YEARS AGO


Today is Tuesday, Aug. 2, the 215th day of 2016. There are 151 days left in the year.

ASSOCIATED PRESS

On this date in:

1776: Members of the Continental Congress begin attaching their signatures to the Declaration of Independence.

1873: Inventor Andrew S. Hallidie successfully tests a cable car he had designed for the city of San Francisco.

1923: The 29th president of the United States, Warren G. Harding, dies in San Francisco; Vice President Calvin Coolidge becomes president.

1939: President Franklin D. Roosevelt signs the Hatch Act, which prohibited civil-service employees from taking an active part in political campaigns.
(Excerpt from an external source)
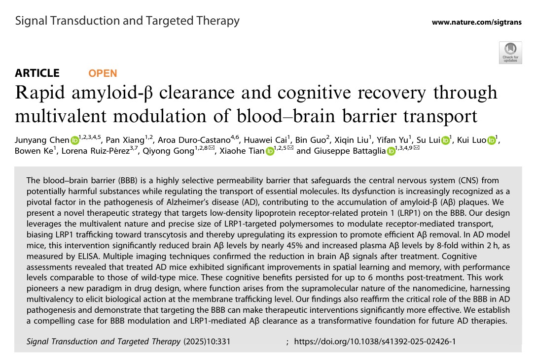 Chen, J., Xiang, P., Duro-Castano, A. et al. Rapid amyloid-β clearance and cognitive recovery through multivalent modulation of blood–brain barrier transport. Sig Transduct Target Ther 10, 331 (2025). https://doi.org/10.1038/s41392-025-02426-1

1943: During World War II, U.S. Navy boat PT-109, commanded by Lt. (jg) John F. Kennedy, sinks after being rammed in the middle of the night by the Japanese destroyer Amagiri off the Solomon Islands. Two crew members are killed.

1974: Former White House counsel John W. Dean III is sentenced to one to four years in prison for obstruction of justice in the Watergate cover-up. (Dean ended up serving four months.)

1990: Iraq invades Kuwait, seizing control of the oil-rich emirate. (The Iraqis later would be driven out in Operation Desert Storm.)

2011: The Senate passes, and President Barack Obama signs, legislation to avoid an unprecedented national default.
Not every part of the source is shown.